The expected output is exactly the lines below, starting at the line with "Farinha de Salmão" and ending at the line with "值得一提的是,中证A500指", both included; no other line belongs in it.

### RECORDS TO PROCESS
# # #

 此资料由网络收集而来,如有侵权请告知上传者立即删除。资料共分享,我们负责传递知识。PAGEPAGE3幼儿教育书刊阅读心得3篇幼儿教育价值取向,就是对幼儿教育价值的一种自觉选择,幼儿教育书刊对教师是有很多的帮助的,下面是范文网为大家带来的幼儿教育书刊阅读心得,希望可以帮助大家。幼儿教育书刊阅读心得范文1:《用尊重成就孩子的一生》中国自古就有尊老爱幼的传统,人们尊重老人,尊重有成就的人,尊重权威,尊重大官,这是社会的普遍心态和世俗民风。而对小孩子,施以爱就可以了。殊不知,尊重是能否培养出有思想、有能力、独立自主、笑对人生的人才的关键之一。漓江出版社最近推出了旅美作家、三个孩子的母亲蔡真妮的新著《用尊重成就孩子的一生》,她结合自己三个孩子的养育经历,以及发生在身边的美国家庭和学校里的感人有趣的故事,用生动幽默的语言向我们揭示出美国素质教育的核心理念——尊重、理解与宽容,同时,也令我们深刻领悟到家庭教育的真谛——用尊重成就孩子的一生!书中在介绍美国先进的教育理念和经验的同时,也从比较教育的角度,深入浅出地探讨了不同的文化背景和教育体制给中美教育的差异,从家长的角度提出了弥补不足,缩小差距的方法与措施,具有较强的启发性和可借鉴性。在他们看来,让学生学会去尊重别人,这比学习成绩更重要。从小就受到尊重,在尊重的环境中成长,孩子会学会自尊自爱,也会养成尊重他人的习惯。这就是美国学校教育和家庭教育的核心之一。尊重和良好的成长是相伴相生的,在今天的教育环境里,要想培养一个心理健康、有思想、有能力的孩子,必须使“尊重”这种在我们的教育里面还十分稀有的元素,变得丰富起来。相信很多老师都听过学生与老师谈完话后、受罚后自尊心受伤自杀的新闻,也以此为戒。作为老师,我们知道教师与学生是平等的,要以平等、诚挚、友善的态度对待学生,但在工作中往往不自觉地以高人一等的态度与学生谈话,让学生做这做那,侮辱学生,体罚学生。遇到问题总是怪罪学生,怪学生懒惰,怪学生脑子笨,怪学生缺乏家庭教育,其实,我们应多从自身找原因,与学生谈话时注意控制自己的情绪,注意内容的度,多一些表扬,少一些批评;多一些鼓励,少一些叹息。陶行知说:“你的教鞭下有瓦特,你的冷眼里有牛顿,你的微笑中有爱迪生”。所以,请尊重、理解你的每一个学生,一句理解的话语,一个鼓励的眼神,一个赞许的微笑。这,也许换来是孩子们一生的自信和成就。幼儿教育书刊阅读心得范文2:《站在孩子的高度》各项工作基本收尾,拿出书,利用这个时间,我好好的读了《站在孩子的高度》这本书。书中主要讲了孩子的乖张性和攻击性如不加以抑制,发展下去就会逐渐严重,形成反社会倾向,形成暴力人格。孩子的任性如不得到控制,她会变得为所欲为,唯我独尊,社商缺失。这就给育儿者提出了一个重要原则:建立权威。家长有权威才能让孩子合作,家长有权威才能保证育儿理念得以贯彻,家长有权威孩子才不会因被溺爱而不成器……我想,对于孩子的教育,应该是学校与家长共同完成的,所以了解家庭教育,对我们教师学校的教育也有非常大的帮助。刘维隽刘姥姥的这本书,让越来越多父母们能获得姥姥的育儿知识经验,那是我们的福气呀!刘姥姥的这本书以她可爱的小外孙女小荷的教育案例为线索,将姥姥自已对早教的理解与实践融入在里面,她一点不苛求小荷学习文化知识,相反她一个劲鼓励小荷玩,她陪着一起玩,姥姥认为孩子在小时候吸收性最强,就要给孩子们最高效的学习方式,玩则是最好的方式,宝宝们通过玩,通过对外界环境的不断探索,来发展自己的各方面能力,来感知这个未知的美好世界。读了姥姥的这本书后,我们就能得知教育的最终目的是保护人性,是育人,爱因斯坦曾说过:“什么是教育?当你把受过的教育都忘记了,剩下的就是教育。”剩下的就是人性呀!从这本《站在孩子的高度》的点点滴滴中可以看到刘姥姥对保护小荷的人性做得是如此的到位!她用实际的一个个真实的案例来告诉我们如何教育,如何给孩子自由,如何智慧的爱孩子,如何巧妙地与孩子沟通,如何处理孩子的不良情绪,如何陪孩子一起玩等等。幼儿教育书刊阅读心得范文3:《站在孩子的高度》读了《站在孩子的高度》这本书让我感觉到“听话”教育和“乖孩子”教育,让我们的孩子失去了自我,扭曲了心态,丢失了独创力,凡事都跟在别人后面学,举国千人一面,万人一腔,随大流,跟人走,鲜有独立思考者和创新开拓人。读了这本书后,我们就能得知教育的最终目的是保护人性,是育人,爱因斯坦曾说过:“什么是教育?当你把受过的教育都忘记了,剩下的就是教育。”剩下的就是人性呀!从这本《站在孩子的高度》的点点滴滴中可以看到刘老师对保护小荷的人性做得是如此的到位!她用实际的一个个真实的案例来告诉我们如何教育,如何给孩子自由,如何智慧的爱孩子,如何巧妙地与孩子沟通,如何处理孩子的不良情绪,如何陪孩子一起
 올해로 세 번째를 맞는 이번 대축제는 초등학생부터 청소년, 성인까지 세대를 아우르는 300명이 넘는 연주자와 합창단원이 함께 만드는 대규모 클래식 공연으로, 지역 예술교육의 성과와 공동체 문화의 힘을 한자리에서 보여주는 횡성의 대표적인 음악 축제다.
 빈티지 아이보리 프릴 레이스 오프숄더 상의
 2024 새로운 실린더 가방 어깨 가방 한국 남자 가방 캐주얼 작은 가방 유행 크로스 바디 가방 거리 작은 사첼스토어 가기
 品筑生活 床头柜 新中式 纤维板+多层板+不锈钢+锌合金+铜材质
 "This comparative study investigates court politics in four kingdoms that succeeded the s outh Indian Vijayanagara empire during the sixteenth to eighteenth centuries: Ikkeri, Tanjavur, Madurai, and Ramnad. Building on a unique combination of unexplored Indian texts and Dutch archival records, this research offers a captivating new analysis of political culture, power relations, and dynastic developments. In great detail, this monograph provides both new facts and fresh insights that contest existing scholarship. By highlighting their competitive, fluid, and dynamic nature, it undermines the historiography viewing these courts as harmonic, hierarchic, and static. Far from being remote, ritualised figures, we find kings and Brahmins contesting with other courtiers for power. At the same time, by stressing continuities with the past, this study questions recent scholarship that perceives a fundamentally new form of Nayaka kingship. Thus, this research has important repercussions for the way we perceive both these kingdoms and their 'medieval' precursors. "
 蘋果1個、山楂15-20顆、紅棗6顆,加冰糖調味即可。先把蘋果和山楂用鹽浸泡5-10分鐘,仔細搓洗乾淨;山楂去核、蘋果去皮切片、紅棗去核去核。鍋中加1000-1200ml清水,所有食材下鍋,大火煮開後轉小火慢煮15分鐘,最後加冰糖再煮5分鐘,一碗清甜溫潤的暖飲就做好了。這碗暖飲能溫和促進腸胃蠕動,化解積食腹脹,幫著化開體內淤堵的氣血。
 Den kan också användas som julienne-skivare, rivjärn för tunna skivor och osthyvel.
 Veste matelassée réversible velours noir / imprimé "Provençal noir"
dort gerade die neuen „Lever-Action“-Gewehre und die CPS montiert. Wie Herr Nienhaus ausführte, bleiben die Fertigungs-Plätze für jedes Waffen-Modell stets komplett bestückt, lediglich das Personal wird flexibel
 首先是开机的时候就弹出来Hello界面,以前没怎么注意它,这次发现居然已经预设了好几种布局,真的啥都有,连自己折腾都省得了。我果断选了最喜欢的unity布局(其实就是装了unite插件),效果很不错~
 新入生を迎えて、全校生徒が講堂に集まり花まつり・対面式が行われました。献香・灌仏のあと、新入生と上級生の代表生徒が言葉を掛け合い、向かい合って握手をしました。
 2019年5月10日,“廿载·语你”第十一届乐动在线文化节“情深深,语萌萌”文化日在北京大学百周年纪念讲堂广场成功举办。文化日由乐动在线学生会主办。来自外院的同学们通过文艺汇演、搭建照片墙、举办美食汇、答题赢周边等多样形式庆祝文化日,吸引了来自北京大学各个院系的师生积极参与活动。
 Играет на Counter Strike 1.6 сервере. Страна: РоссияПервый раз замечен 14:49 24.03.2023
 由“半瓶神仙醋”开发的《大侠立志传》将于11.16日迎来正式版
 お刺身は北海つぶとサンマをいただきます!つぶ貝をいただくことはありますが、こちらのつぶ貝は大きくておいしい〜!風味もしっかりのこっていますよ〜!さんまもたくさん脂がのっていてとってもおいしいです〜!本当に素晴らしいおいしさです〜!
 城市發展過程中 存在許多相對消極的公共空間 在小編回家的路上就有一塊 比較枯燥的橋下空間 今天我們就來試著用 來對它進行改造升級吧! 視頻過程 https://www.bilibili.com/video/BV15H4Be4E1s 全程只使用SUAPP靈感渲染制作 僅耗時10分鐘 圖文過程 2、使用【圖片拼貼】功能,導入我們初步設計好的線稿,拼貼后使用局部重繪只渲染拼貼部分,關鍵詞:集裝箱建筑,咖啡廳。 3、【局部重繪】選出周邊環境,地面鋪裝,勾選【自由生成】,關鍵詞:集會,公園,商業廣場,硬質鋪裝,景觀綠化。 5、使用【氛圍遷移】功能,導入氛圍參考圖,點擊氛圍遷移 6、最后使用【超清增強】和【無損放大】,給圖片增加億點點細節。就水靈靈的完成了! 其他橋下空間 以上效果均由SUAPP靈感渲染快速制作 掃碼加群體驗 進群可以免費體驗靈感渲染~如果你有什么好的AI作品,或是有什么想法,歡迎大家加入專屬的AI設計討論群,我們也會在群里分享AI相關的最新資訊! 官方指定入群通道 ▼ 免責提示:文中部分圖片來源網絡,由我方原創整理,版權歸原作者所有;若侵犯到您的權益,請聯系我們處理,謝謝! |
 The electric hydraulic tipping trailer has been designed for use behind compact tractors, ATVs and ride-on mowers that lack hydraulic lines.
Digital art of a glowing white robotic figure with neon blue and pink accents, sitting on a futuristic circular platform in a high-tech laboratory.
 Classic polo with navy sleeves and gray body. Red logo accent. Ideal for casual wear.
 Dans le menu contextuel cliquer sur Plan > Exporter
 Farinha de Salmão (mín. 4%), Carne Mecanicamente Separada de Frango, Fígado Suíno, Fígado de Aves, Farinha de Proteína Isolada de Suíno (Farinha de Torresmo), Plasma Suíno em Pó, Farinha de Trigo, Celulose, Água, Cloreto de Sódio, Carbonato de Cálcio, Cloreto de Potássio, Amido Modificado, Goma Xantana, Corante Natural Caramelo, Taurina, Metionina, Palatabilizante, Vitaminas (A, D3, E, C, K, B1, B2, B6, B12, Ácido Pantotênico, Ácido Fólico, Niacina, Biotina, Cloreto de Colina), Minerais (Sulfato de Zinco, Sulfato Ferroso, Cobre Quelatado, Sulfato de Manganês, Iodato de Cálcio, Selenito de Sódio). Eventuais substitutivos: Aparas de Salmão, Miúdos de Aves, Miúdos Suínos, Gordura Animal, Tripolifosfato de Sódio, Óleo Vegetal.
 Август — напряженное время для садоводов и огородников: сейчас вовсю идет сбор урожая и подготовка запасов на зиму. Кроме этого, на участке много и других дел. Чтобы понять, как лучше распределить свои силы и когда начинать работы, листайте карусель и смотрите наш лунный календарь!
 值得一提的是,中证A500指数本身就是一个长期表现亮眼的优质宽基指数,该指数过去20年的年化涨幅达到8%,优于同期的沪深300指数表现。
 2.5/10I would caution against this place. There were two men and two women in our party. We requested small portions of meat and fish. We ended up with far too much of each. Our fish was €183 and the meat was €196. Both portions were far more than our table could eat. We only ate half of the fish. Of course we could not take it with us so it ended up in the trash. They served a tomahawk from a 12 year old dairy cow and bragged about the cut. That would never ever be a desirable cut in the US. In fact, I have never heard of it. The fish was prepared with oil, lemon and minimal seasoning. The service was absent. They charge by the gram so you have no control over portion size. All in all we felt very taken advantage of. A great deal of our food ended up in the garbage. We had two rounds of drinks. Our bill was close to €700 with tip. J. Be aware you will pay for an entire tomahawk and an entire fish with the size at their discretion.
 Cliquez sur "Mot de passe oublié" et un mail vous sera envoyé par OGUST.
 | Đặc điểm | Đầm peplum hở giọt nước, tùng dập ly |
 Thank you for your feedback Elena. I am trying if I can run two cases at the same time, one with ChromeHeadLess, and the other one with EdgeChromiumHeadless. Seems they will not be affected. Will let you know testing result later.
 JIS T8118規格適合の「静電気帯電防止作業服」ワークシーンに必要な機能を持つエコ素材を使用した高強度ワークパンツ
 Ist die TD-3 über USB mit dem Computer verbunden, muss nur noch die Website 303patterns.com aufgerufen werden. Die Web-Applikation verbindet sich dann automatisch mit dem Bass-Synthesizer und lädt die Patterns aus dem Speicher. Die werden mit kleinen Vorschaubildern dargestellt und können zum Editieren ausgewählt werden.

# # #

### RESULT FOR THIS TASK
 Farinha de Salmão (mín. 4%), Carne Mecanicamente Separada de Frango, Fígado Suíno, Fígado de Aves, Farinha de Proteína Isolada de Suíno (Farinha de Torresmo), Plasma Suíno em Pó, Farinha de Trigo, Celulose, Água, Cloreto de Sódio, Carbonato de Cálcio, Cloreto de Potássio, Amido Modificado, Goma Xantana, Corante Natural Caramelo, Taurina, Metionina, Palatabilizante, Vitaminas (A, D3, E, C, K, B1, B2, B6, B12, Ácido Pantotênico, Ácido Fólico, Niacina, Biotina, Cloreto de Colina), Minerais (Sulfato de Zinco, Sulfato Ferroso, Cobre Quelatado, Sulfato de Manganês, Iodato de Cálcio, Selenito de Sódio). Eventuais substitutivos: Aparas de Salmão, Miúdos de Aves, Miúdos Suínos, Gordura Animal, Tripolifosfato de Sódio, Óleo Vegetal.
 Август — напряженное время для садоводов и огородников: сейчас вовсю идет сбор урожая и подготовка запасов на зиму. Кроме этого, на участке много и других дел. Чтобы понять, как лучше распределить свои силы и когда начинать работы, листайте карусель и смотрите наш лунный календарь!
 值得一提的是,中证A500指数本身就是一个长期表现亮眼的优质宽基指数,该指数过去20年的年化涨幅达到8%,优于同期的沪深300指数表现。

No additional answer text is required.